Using the TIC-80 fantasy console simulator on your pi, implement a playable puzzle game, making sure to make use of the following features:

• controller buttons iOR mouse iOR keyboard
• audio (sound effects, music)
• sprites

The game itself can be something unique, or can draw influence from, or can be an outright mimicking implementation of:

• TETRIS
• Dr. Mario
• picross

The idea is to demonstrate your skills gained throughout the semester, by harnessing new concepts and problem solving experiences to pull off a program generally more complicated in its nature than others you've been doing.

You may want work out approaches by hand on paper to understand their details and steps of progression, then to implement it.

Additionally, the entire class will be participating in documenting and filling out this project page. It is the responsibility of EACH class member to:

• ask copious, clarifying questions (so you can better add content)
• craft a coherent and organized document, with information located under pertinent headings
• explain the fundamentals of the process, conceptual background, algorithmic approach, and you can even suggest particulars related to TIC-80 (certain functions that might prove useful- individual, unrelated snippets to do things like capturing time, or displaying text, etc.)
• to get full credit, each individual that submits must perform no fewer than 4 changes to this document as viewable from the wiki revision system (failure to do so will result in documentation penalties being applied)

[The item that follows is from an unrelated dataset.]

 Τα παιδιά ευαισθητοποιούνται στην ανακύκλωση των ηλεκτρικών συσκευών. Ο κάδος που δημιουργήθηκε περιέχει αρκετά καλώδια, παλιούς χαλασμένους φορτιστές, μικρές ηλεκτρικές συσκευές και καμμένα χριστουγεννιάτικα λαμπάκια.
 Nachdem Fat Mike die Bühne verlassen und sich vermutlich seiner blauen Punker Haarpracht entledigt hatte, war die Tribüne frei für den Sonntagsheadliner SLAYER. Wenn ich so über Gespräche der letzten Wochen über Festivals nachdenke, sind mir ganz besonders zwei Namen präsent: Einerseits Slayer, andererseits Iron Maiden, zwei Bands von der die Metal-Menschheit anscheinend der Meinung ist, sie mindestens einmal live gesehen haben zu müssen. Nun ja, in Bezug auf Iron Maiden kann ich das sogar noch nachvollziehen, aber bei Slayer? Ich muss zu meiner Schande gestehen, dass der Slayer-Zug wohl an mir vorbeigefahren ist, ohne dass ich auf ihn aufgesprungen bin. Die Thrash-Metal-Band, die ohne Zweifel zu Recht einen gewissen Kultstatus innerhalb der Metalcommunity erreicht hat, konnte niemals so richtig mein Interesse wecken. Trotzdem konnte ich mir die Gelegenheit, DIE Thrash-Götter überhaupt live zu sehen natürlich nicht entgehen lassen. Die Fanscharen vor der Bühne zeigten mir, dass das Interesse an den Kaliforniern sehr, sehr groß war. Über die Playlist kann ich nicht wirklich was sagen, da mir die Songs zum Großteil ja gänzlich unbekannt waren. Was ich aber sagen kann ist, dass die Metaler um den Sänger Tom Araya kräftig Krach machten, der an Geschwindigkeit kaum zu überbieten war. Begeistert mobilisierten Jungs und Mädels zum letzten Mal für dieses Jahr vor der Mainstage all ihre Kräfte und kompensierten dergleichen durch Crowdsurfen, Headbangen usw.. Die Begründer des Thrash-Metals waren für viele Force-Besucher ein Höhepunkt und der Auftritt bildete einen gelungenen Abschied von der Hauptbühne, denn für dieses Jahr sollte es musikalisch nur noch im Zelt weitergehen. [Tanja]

As is common practice, your game may require the use of multiple screens. That is, you may want to include a title screen, death screen, and other such differing states of the game. Especially in the weeks of saf# and pnf#, it became quite apparent that the ability to present the user with varying screens was useful in order to convey relevant information as well as provide relevant functionality at different stages in the execution of our programs. This has led to the development in several examples of what may be called stateful programs where a variable is reserved in order to keep track of what screen should be displayed. By referencing that variable using some form of a switch statement, more organized functionality is achieved by compartmentalizing each individual screen to its own logical corner.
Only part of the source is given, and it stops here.